■ TASK OBJECTIVE: Please return each entry exactly as it appears, but not the pictures.

Start of Block

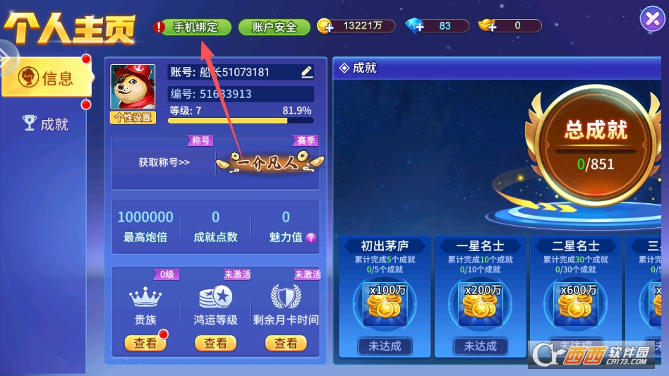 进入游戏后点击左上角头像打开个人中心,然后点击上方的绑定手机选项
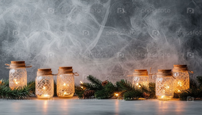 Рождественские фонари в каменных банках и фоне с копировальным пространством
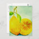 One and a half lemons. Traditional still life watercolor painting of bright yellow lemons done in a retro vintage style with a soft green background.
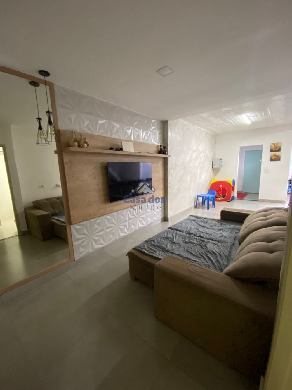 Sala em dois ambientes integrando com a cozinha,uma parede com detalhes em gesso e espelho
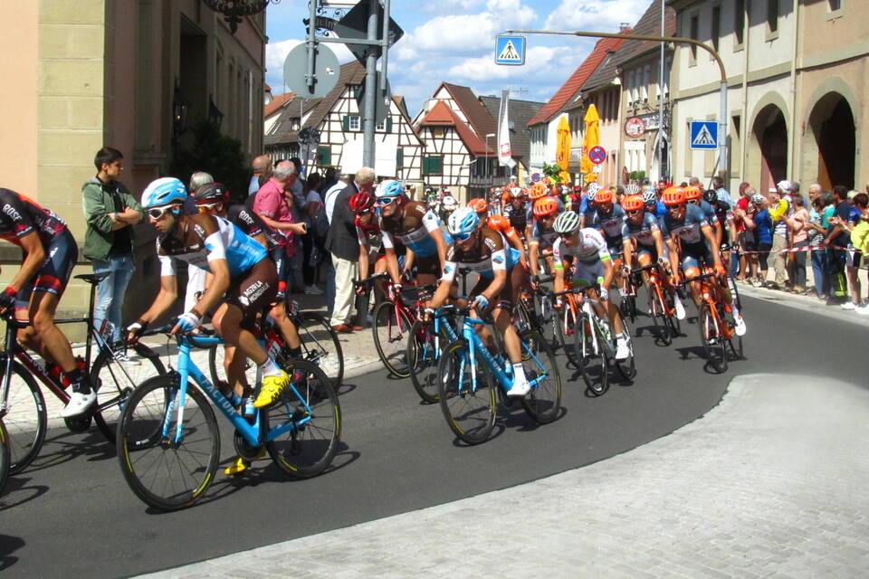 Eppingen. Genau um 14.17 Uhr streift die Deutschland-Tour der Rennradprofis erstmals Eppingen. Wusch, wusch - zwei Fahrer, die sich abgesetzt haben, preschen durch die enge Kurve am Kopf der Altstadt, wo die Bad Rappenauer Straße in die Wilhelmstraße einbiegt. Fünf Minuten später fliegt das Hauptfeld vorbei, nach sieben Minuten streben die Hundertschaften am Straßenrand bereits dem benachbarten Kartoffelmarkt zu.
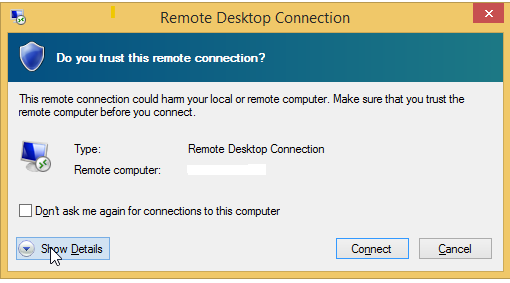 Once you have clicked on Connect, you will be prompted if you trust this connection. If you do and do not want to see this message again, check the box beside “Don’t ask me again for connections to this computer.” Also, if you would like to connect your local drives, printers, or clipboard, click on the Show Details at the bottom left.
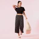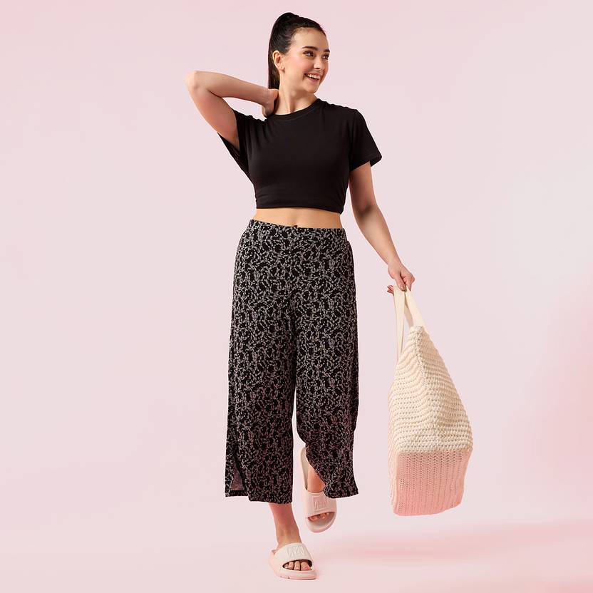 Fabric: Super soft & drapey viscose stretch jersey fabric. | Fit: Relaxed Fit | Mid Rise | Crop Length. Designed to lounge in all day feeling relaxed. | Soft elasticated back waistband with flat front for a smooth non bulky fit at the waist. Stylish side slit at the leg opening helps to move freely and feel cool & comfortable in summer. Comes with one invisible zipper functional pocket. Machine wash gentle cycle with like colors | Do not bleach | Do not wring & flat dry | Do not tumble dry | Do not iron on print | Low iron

End of Block

■ RESULT:
 进入游戏后点击左上角头像打开个人中心,然后点击上方的绑定手机选项
 Рождественские фонари в каменных банках и фоне с копировальным пространством
 One and a half lemons. Traditional still life watercolor painting of bright yellow lemons done in a retro vintage style with a soft green background.
 Sala em dois ambientes integrando com a cozinha,uma parede com detalhes em gesso e espelho
 Eppingen. Genau um 14.17 Uhr streift die Deutschland-Tour der Rennradprofis erstmals Eppingen. Wusch, wusch - zwei Fahrer, die sich abgesetzt haben, preschen durch die enge Kurve am Kopf der Altstadt, wo die Bad Rappenauer Straße in die Wilhelmstraße einbiegt. Fünf Minuten später fliegt das Hauptfeld vorbei, nach sieben Minuten streben die Hundertschaften am Straßenrand bereits dem benachbarten Kartoffelmarkt zu.
 Once you have clicked on Connect, you will be prompted if you trust this connection. If you do and do not want to see this message again, check the box beside “Don’t ask me again for connections to this computer.” Also, if you would like to connect your local drives, printers, or clipboard, click on the Show Details at the bottom left.
 Fabric: Super soft & drapey viscose stretch jersey fabric. | Fit: Relaxed Fit | Mid Rise | Crop Length. Designed to lounge in all day feeling relaxed. | Soft elasticated back waistband with flat front for a smooth non bulky fit at the waist. Stylish side slit at the leg opening helps to move freely and feel cool & comfortable in summer. Comes with one invisible zipper functional pocket. Machine wash gentle cycle with like colors | Do not bleach | Do not wring & flat dry | Do not tumble dry | Do not iron on print | Low iron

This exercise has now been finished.